Senate Finance Committee Chairman Orrin Hatch said Tuesday he sees little chance of further action on health care any time soon. Work to address the Affordable Care Act’s flaws will need to be bipartisan after last week’s drive for a GOP-only replacement collapsed, he said.

“We’ve got to let it simmer for a while until we get both sides into a position where they see we’ve got to do something here,” said Hatch, a Utah Republican.

Senator John Thune of South Dakota, the No. 3 Republican leader, said, “We’ve had our vote and we are moving on to tax reform.”

Senate Majority Leader Mitch McConnell of Kentucky told reporters Tuesday that while the GOP didn’t have the votes for a health plan last week, he still sees an opportunity later to pass a measure under a fast-track procedure.
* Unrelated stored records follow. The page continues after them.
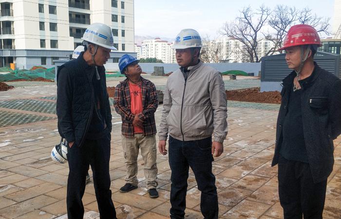在水韻金沙項(xiàng)目,楊永認(rèn)真聽取項(xiàng)目復(fù)工復(fù)產(chǎn)情況匯報,要求項(xiàng)目部加強(qiáng)與防火門、空調(diào)格柵、室內(nèi)刮白及玻璃安裝等班組溝通對接,盡快組織工人進(jìn)場復(fù)工復(fù)產(chǎn),快速完成項(xiàng)目收尾工作。
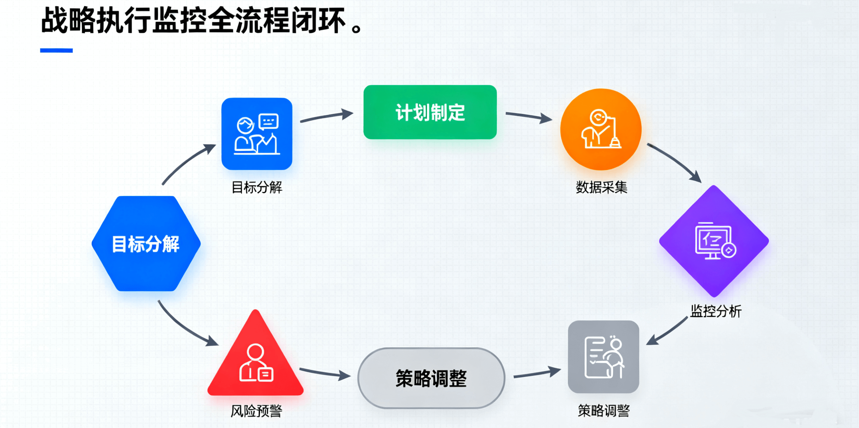 自动识别战略执行过程中的风险和偏差,提供智能分析和调整建议,帮助企业及时纠偏,确保战略目标实现。
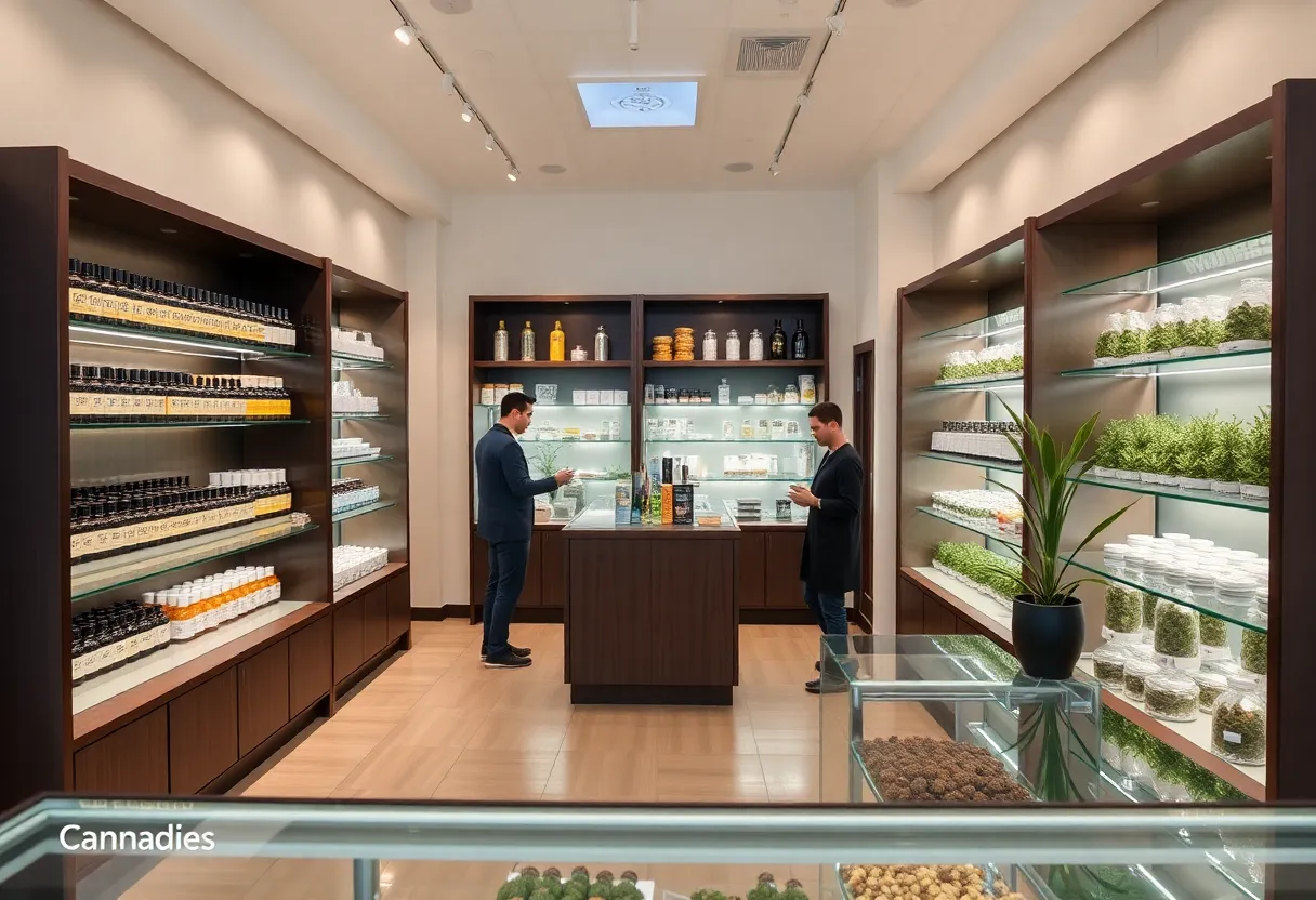 Interior view of a medical cannabis dispensary showcasing a variety of products.
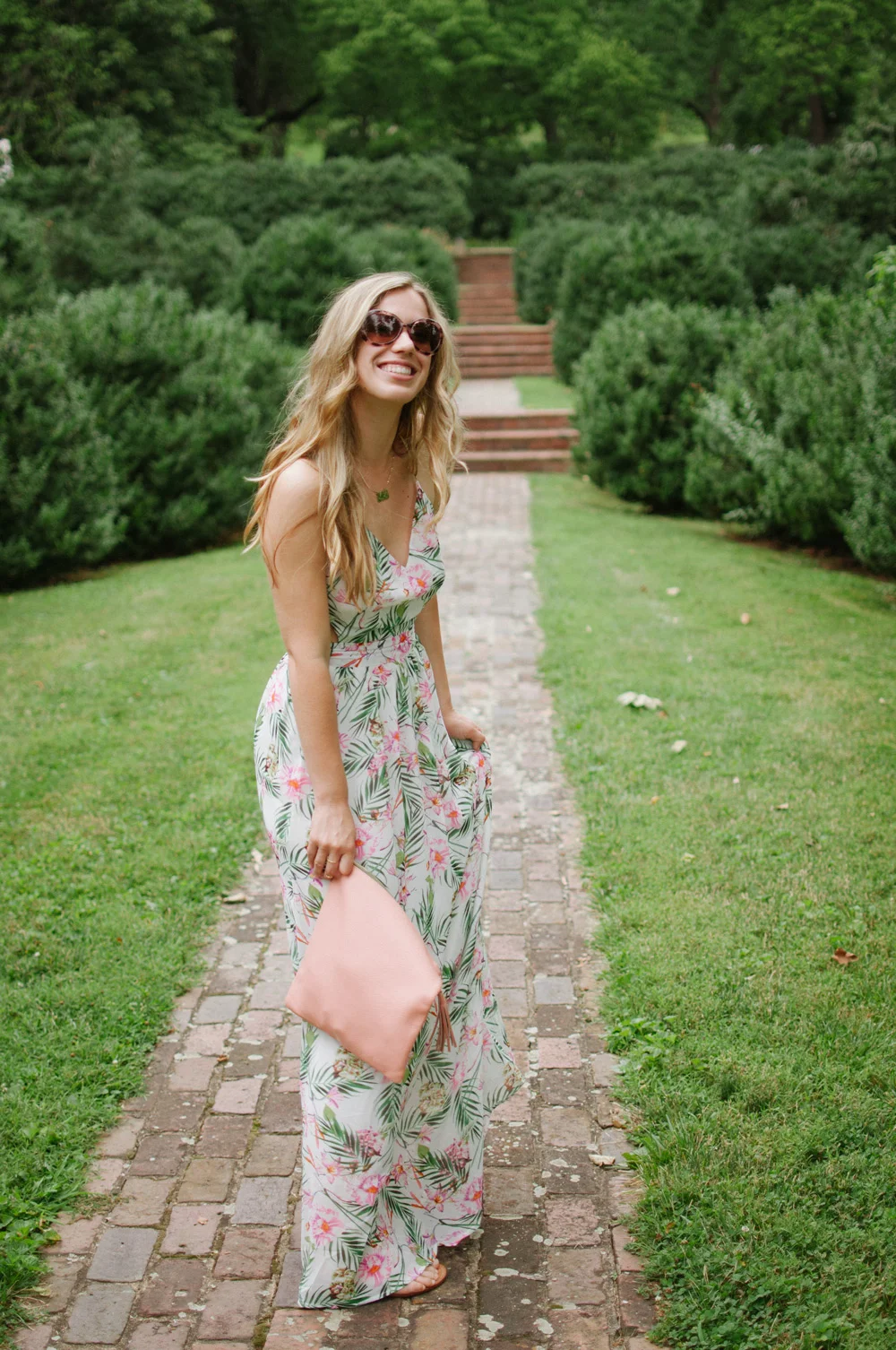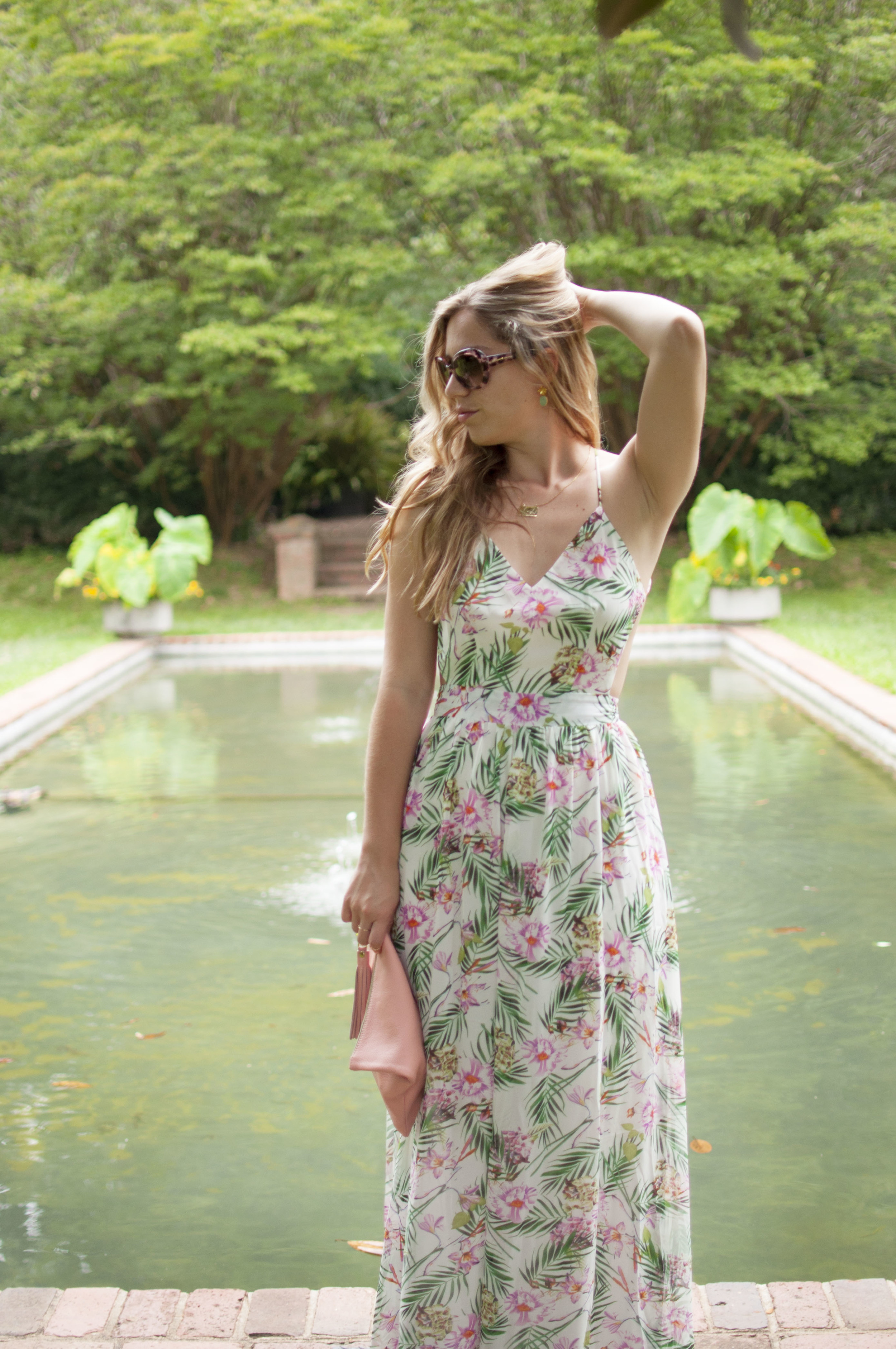 In Fashion Tags SheInside, Tropical maxi, Garden party attire, Kate Spade Sunglasses, Three Jane NY, K.Slademade

Republicans are continuing to seek analyses on several proposals from the nonpartisan Congressional Budget Office, he said.

For now, the Senate is working to confirm Federal Bureau of Investigation nominee Christopher Wray and pass bills on veterans’ benefits and the Food and Drug Administration before the August recess.

The White House continues to seek action on a Republican-only health-care measure, giving particular focus to a proposal by Senators Lindsey Graham of South Carolina and Bill Cassidy of Louisiana. Their plan would send federal health-care funds to the states in block grants, while keeping in place Obamacare’s mandates that all Americans have insurance and most employers provide it.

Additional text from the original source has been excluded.